The initial moment of the first order is the distribution center of the considered random variable:

(13)

Moments relative to distribution center X= m called central points and are marked:

(14)

From (7) it follows that the central moment of the first order is always equal to zero:

The central moments do not depend on the origin of the values ​​of the random variable, since with a shift by a constant value With its center of distribution is shifted by the same value With, and the deviation from the center does not change: Xm = (XWith) – (mWith).
Now it is obvious that dispersion- This second order central moment:

Asymmetry. Central moment of the third order:

(17)

serves to evaluate distribution skewness. If the distribution is symmetrical about the point X= m, then the central moment of the third order will be equal to zero (as well as all central moments of odd orders). Therefore, if the central moment of the third order is different from zero, then the distribution cannot be symmetric. The magnitude of the asymmetry is estimated using a dimensionless asymmetry coefficient:

(18)

The sign of the asymmetry coefficient (18) indicates right-sided or left-sided asymmetry (Fig. 2).


Rice. 2. Types of asymmetry of distributions.

Excess.
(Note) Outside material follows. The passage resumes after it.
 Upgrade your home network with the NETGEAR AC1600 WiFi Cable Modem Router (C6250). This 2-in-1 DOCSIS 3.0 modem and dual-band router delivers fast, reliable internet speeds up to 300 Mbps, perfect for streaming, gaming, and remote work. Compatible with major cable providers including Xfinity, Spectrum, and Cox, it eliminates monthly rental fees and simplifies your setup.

Central moment of the fourth order:

(19)

serves to evaluate the so-called kurtosis, which determines the degree of steepness (pointiness) of the distribution curve near the distribution center with respect to the normal distribution curve. Since for a normal distribution, the quantity taken as kurtosis is:

(20)

On fig. 3 shows examples of distribution curves with different values ​​of kurtosis. For a normal distribution E= 0. Curves that are more peaked than normal have positive kurtosis, and curves with more flat peaks have negative kurtosis.
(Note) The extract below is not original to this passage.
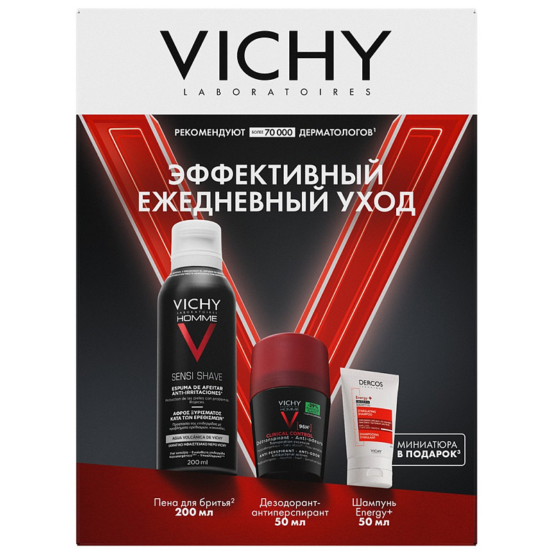 В набор входят три средства: Пена для бритья против раздражения кожи, 200 мл. Мужская пена для бритья обеспечивает гладкое скольжение лезвия по коже, позволяя бриться без раздражений и покраснений. Во... Показать описаниесстанавливает барьерно-защитные свойства кожи, увлажняет, обеспечивает антибактериальный эффект. Гипоаллергенная формула. Без парабенов. Протестировано под контролем дерматологов. Дезодорант-антиперспирант Clinical Control 96 ч, 50 мл. Средство с антибактериальными компонентами обеспечивает максимальный среди дезодорантов Vichy уровень защиты для мужской кожи. Антиперспирант - формула с клинически доказанной эффективностью обеспечивает сухость кожи в зоне подмышек и защищает от избыточного потоотделения до 96 часов.* Дезодорант - цинк в составе ограничивает размножение бактерий и защищает от неприятного запаха до 72 часов.** Двойное действие для ощущения комфорта в течение всего дня после использования. Гипоаллергенно. Шампунь тонизирующий с Аминексилом от выпадения волос. 200 мл Формула шампуня Energy+ содержит активные компоненты, воздействующие на кожу головы, корни волос и стержень волоса. Подходит для частого применения. Гипоаллергенно. Протестировано под контролем дерматологов. Можно использовать при чувствительной коже головы. Рекомендуется использовать в сочетании со средством против выпадения волос Aminexil Intensive 5 для мужчин и женщин.

Rice. 3. Distribution curves with different degrees of steepness (kurtosis).

Higher-order moments in engineering applications of mathematical statistics are usually not used.

Fashion discrete random variable is its most probable value. Fashion continuous a random variable is its value at which the probability density is maximum (Fig. 2). If the distribution curve has one maximum, then the distribution is called unimodal. If the distribution curve has more than one maximum, then the distribution is called polymodal. Sometimes there are distributions whose curves have not a maximum, but a minimum. Such distributions are called antimodal. In the general case, the mode and the mathematical expectation of a random variable do not coincide. In a particular case, for modal, i.e. having a mode, a symmetric distribution, and provided that there is a mathematical expectation, the latter coincides with the mode and the center of symmetry of the distribution.

Median random variable X is its meaning Me, for which equality holds: i.e. it is equally likely that the random variable X will be less or more Me. Geometrically median is the abscissa of the point at which the area under the distribution curve is divided in half (Fig. 2). In the case of a symmetric modal distribution, the median, mode, and mean are the same.